Million Dollar Listing New York’s been a boys’ club for nearly a decade, but Kirsten Jordan is more than ready to change that. The longtime broker joins the series for its ninth season, becoming the NYC offshoot’s first-ever female broker.
“I think I was meant to do this,” Kirsten tells ET over video chat. “I mean, I had been doing this for a really long time. It’s been 13 years of being in the business. I’ve been kind of behind the scenes. I worked as an assistant, and then I was on a team. I’ve been on teams, and this was kind of my breakout, my breakout move.”
Kirsten started filming MDLNY nearly two years ago, as she left behind one company to start her very own real estate team at another.
“It was a time when I think a lot of people were saying, ‘Don’t make the move. Stay where you are. Let your career blossom. Just start your own thing, staying where you are,'” she recalls. “For me … I feel like I needed to just really go all in, and that’s what I’ve done. It feels awesome. I’ve started a team for the first time. I mean, I’ve been in the business for 13 years in the shadows, and now it’s like my breakout. So that’s been basically my theme.”
Kirsten focuses on high-end real estate, and says she’s sold more than $500 million worth of property over the course of her career.
“It was just kind of a miraculous thing,” she adds of throwing the show in the mix. “I was approached, and it just felt right. That’s why I thought… once I started doing the whole taking a videotape of myself, I was like, ‘I think I’m supposed to do this with my life.’ Here I am, and [Ryan Serhant] told me he thought it’d be cool if I did it, so I thought that was great.”
“I’m excited that we finally have our first woman broker on the show,” Ryan shares, joining the Zoom call from his car. “Most of the deals we do are with women, who’ve been underrepresented. It’s crazy that it took nine years, but Kirsten’s the best.”
In the premiere, Ryan calls Kirsten (who makes it very known that her name is pronounced kur-sten) a “shark.” It’s a label she wears proudly.
“I’ve seen a lot, I’ve done a lot,” she notes. “I have been on both sides, because my husband is a developer. So I’ve seen what it’s like to underwrite a project, to really work on it, to get it to the point where it needs to be sold and what that feels like. So I feel like I’ve seen everything from all the angles, and in order to make it in Manhattan real estate, there are definitely some shark moments. I don’t even think Ryan and I feel like they’re shark-y anymore. We’re just doing business, because that’s what it takes to get business done. It’s moving quickly. It’s being smart. It’s jumping on things when you know because you’ve been doing it for so long that it’s a deal and everybody just needs to shut up and take whatever you’re telling them to do. That’s what being a great broker is right now. So, I mean, yeah, of course you can call it shark-y. You can call it cutthroat, which is what the industry is. But there’s also a lot of real brokering that that’s the only way to do it.”
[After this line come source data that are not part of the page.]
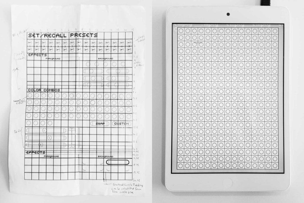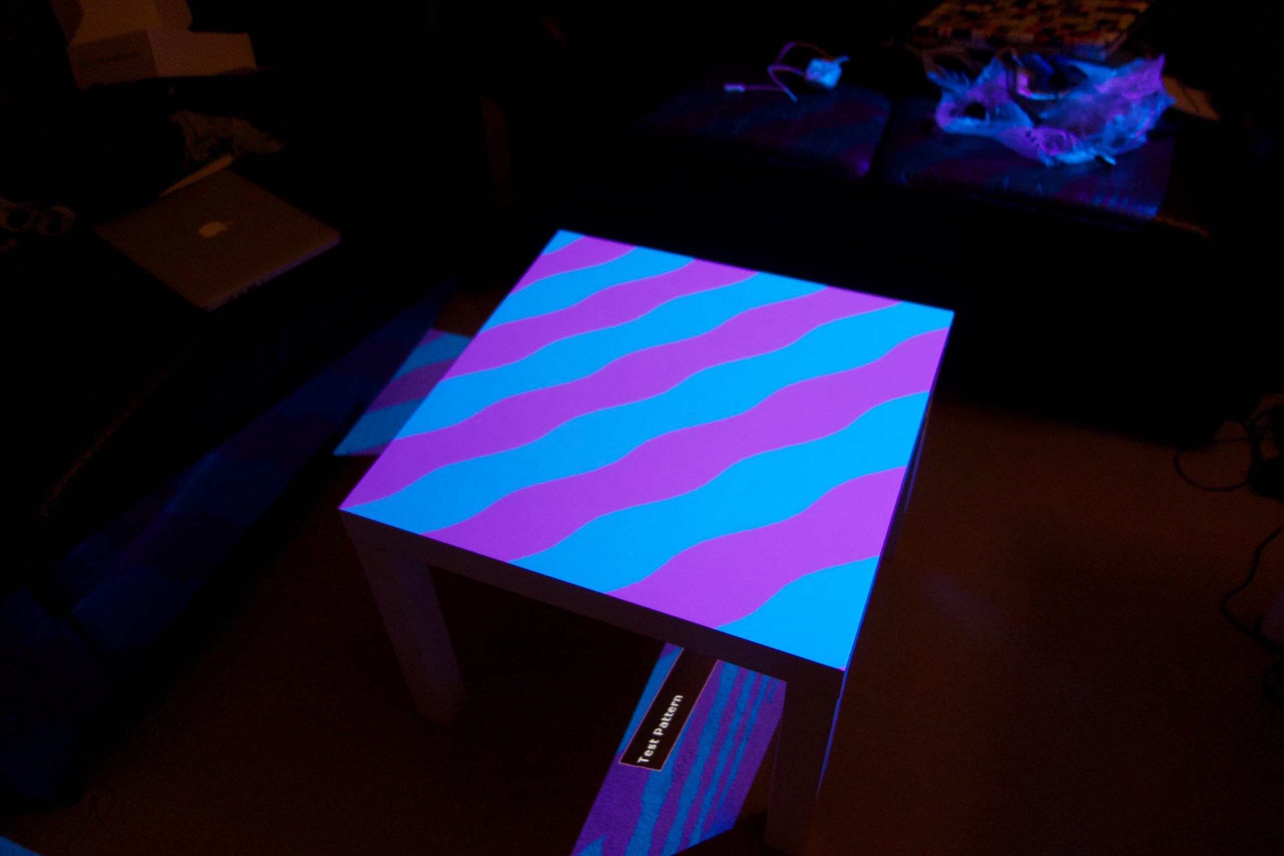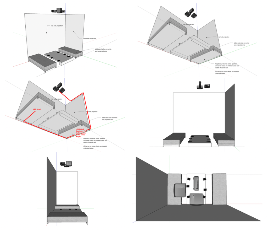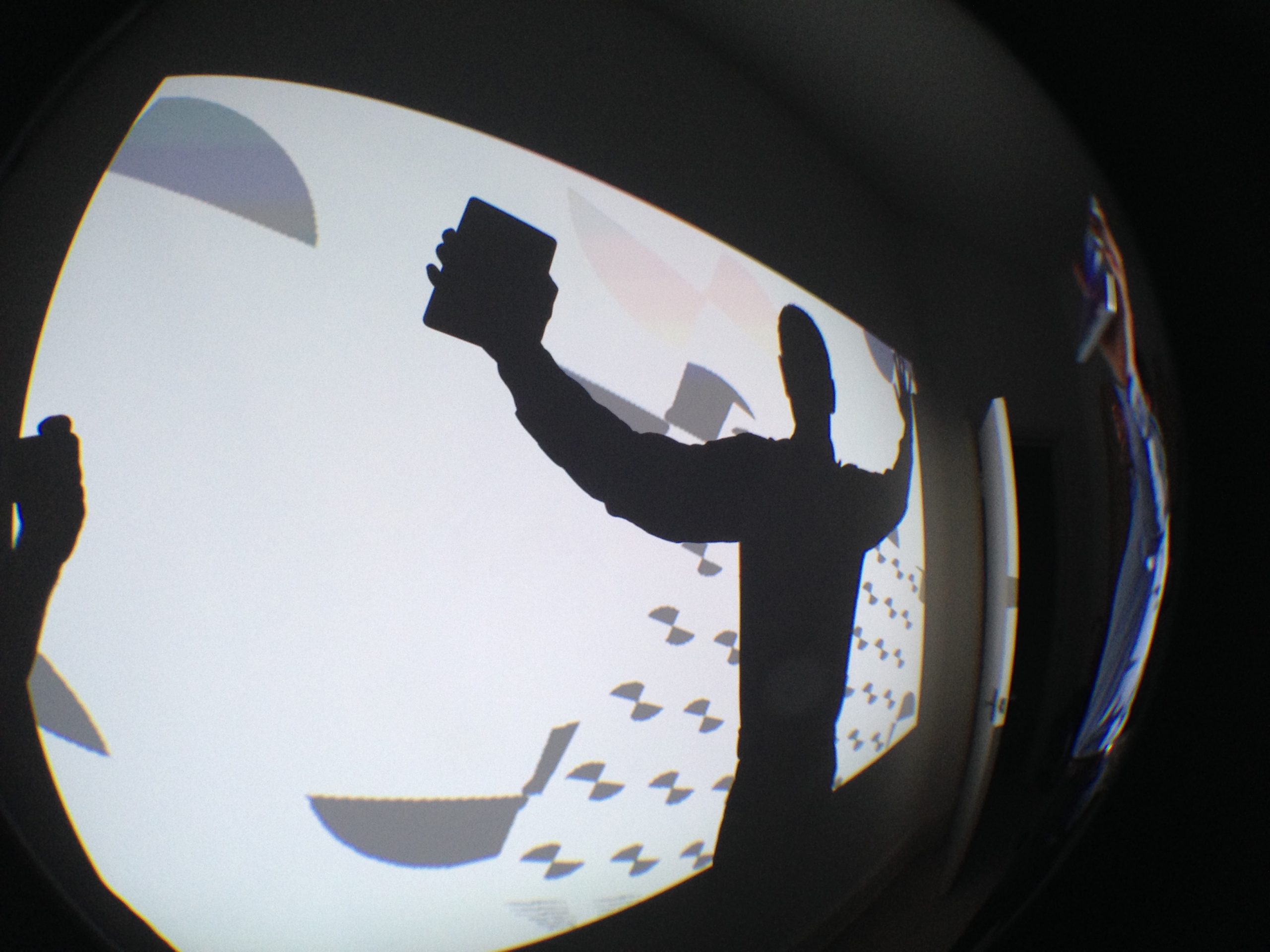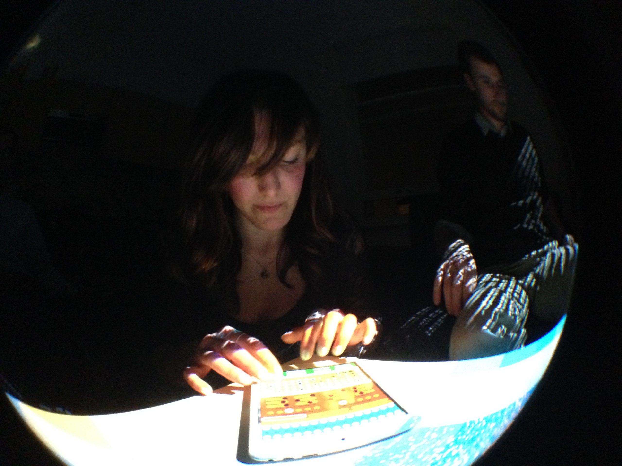 “Playful Geometries” is a nifty coloured and fun installation made by me and Patrick Gaunt (aka paddywwoof) consisting of interactive projections of 3d shapes and patterns. “Playful geometries” is a sound-reactive, multi-user, multi-screen and it scales from coffee-table personal living-room toy to hangar-size premiere-grand-opening scale. Interaction is based on ambient sound and by users tablets controlling the colors, shapes and animations, see presentation video below.
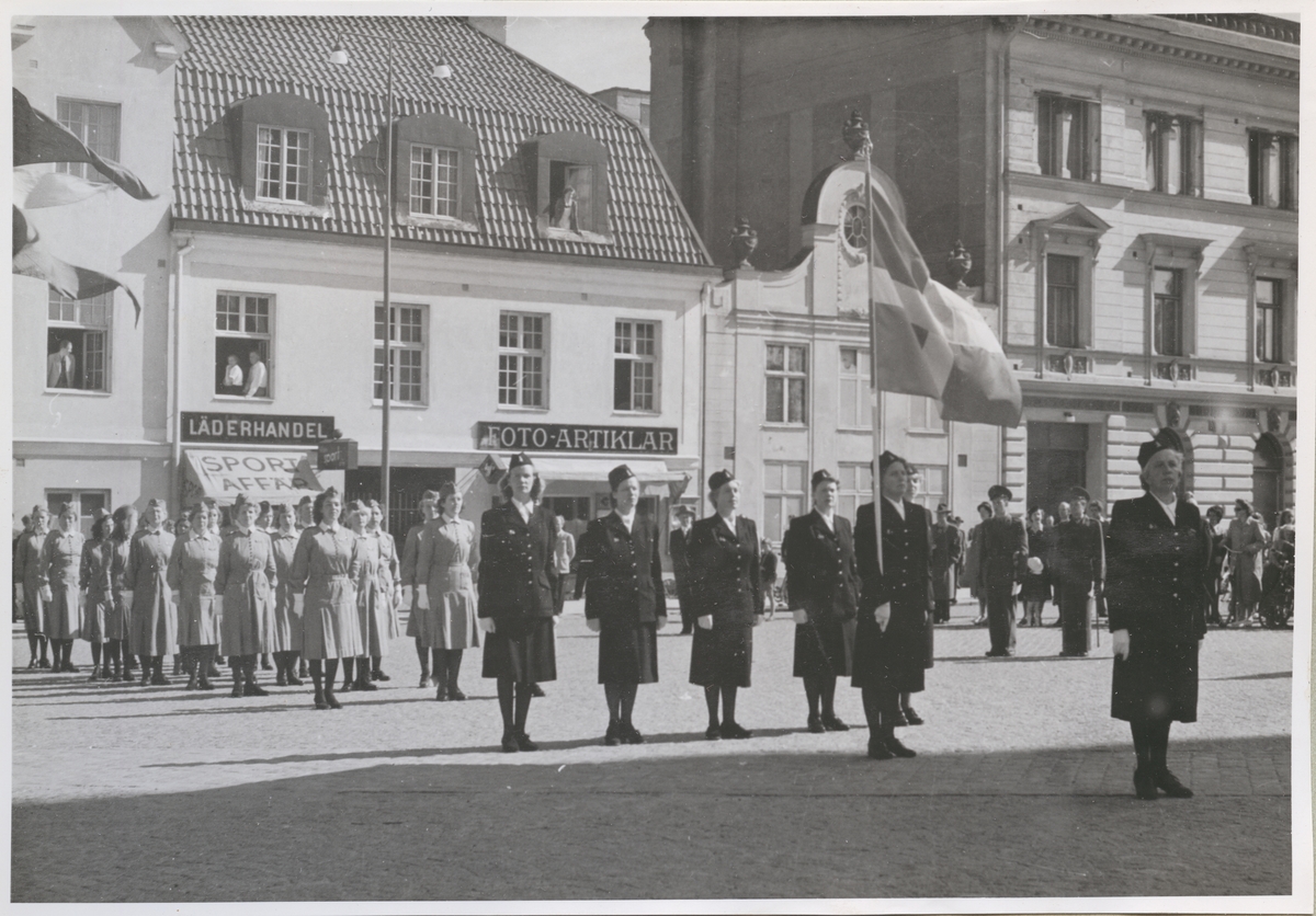 Lottor i uniform står uppställda på stortorget i Karlskrona. I bakgrunden skymtar åskådare på marken samt sittandes i fönster i bakomliggande byggnader. I bakgrunden till höger skymtar Karlskrona Stadshotell.
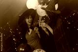 Two beautiful young woman in witch halloween costumes drinking cocktail and holding balloons in halloween party over dark magic background - Holiday party concept.
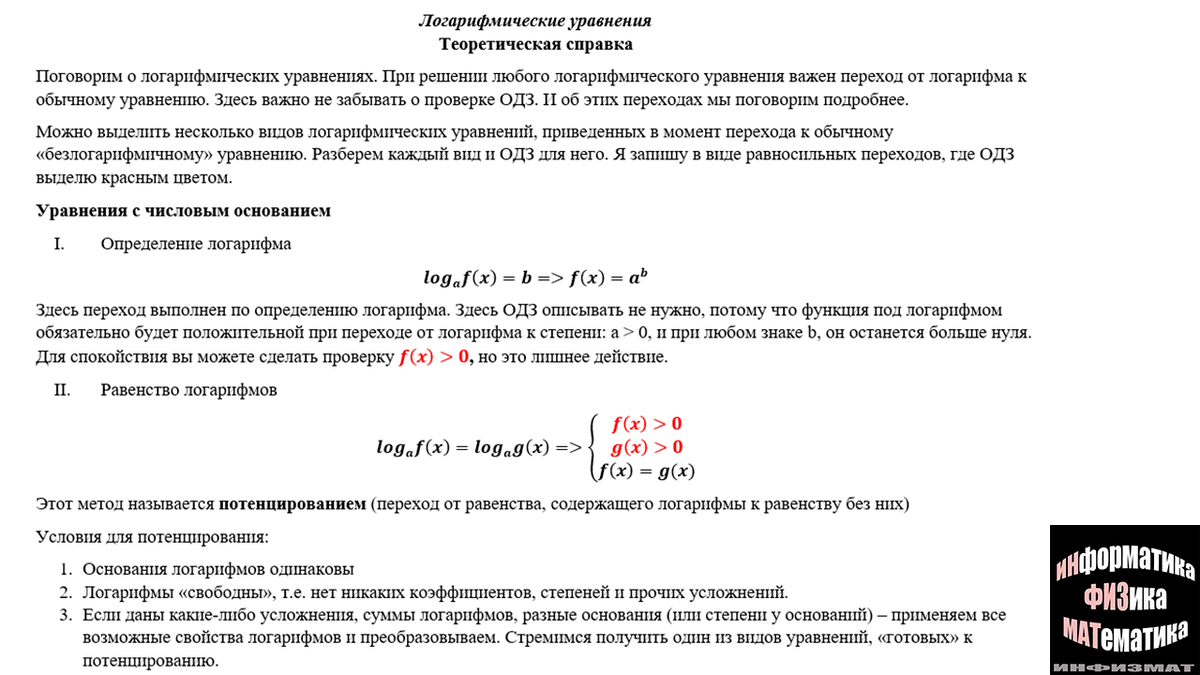 Логарифмические уравнения в №12 ЕГЭ математика профильный уровень. Подробный теоретический и практический разбор
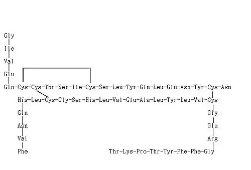 Insulin is a hormone consisting of 2 polypeptide chains. Each chain is composed of a specific sequence of amino acid residues connected by peptide bonds. In humans, chain A has 21 amino acids, and chain B has 30. Post translational modifications result in the connection of these two chains by disulfide bridges. Cysteine residues on A7 and B7, as well as A20 to B19 are covalently connected by disulfide bridges. Chain A also has an internal disulfide bridge connecting A6 to A11. The 3D structure of insulin is composed of 3 helices and the three disulfide bridges. Hydrophobic amino acid residues are clustered on the inside of the molecule while the polar amino acids residues are located on the outer surface. This arrangement of amino acid residues lends stability to the overall molecule. A single molecule of insulin can form a dimer with another insulin molecule, but the most active form is a single unit. The chemical formula for the insulin monomer is: C256H381N65O79S6.
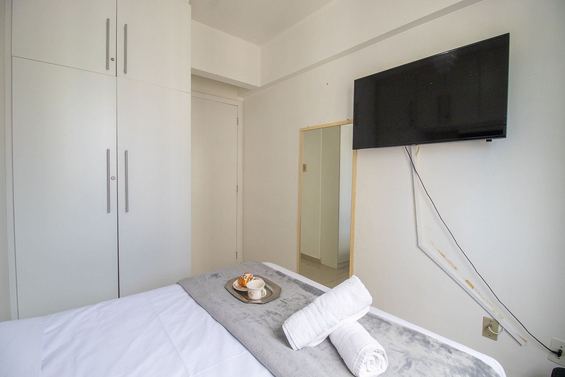 Conectividade garantida com internet Wi-Fi própria do apartamento. O espaço possui duas TV's e somente a do dormitório é Smart.
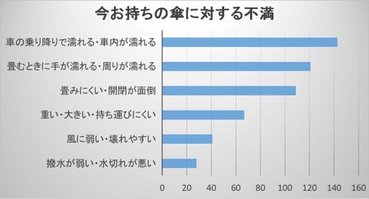 ■ 傘の不満1位は「車の乗り降りで濡れる」
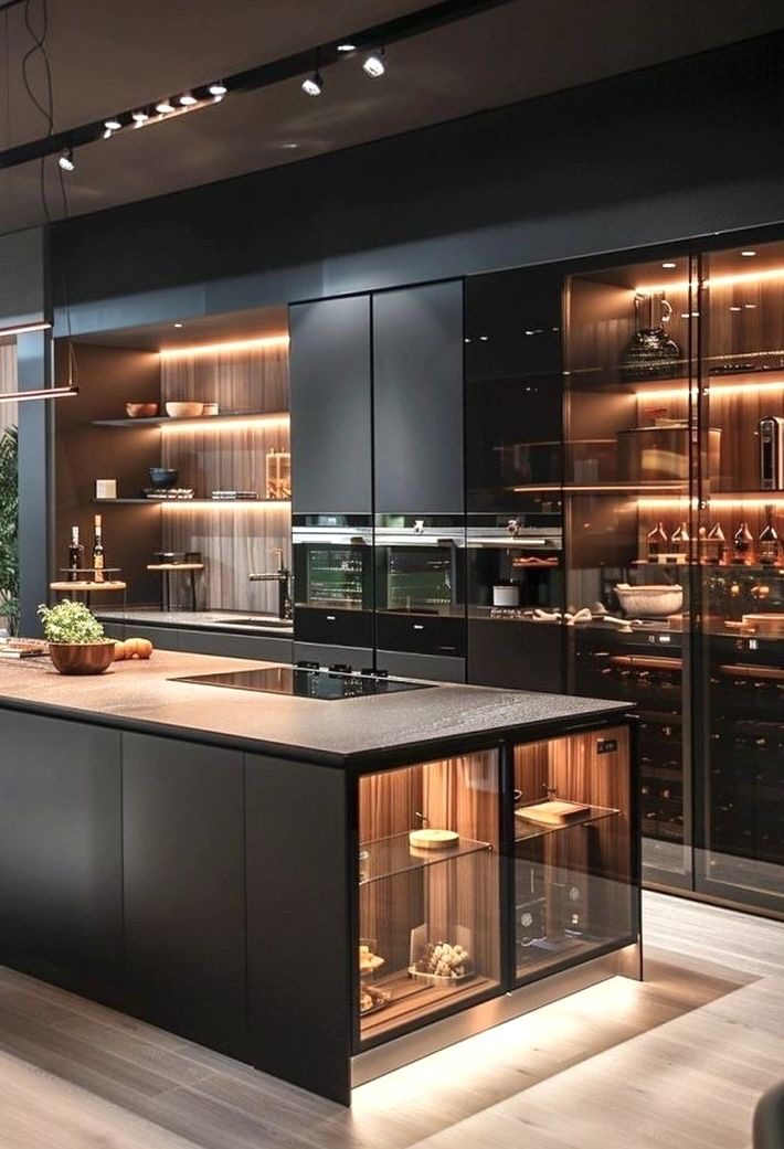 بهتر است مشکی در یراقآلات، صفحه کابینت یا کاشی بین کابینتها استفاده شود
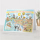 Cena brilhante e encantadora - uma vista divertida do mapa do desenho animado do sul da Califórnia - personagens charmosos desfrutam do sol quente da Califórnia exibindo Los Angeles, San Diego, Anaheim, Primaveras de Palm - Anza Borrego Desert State Park e Joshua Tree National Park também são apresentados, assim como as cidades fronteiriças de Tijuana e Mexicali, no México.
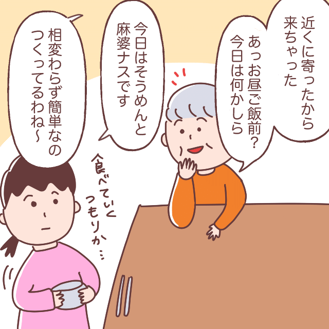 「近くに寄ったから来ちゃった。あっ、お昼ご飯前?今日は何かしら?」悪びれもせずにそう言う義母に「今日はそうめんと麻婆ナスです」と答えるキョウコさん、すると「相変わらず簡単なの作ってるわね~」とすかさずイヤミをチクリ。それを聞いたキョウコさんは「食べていくつもりか・・」と心の中で呟きました。

An interesting layer of Kirsten’s story is the fact that she’s in business with her husband, Stefano Farsura, a real estate developer/investor who specializes in residential spaces and is, also, Kirsten’s biggest cheerleader.
“My husband’s incredibly supportive,” Kirsten gushes. “He has been just an incredible figure for me in this whole process of just saying, ‘I want you to go for it. I want you to go all in. Let’s put the family in it, too, because that’s the best way for the world to really see what it takes to be you.’ We’re just going to keep rolling with it, and I’m just going to try to keep putting a smile on my face about it.”
Kirsten and Stefano share three children — Sofia, 7, Bira, 5, and Tommy, 3 — whom viewers get to meet in the premiere.
“My kids actually are really excited,” she admits. “My oldest keeps asking when she’s going to see me on TV, and she gets it. She understands how cool it is. She keeps walking around and telling people about it. I’m like, ‘Quiet! Stop!'”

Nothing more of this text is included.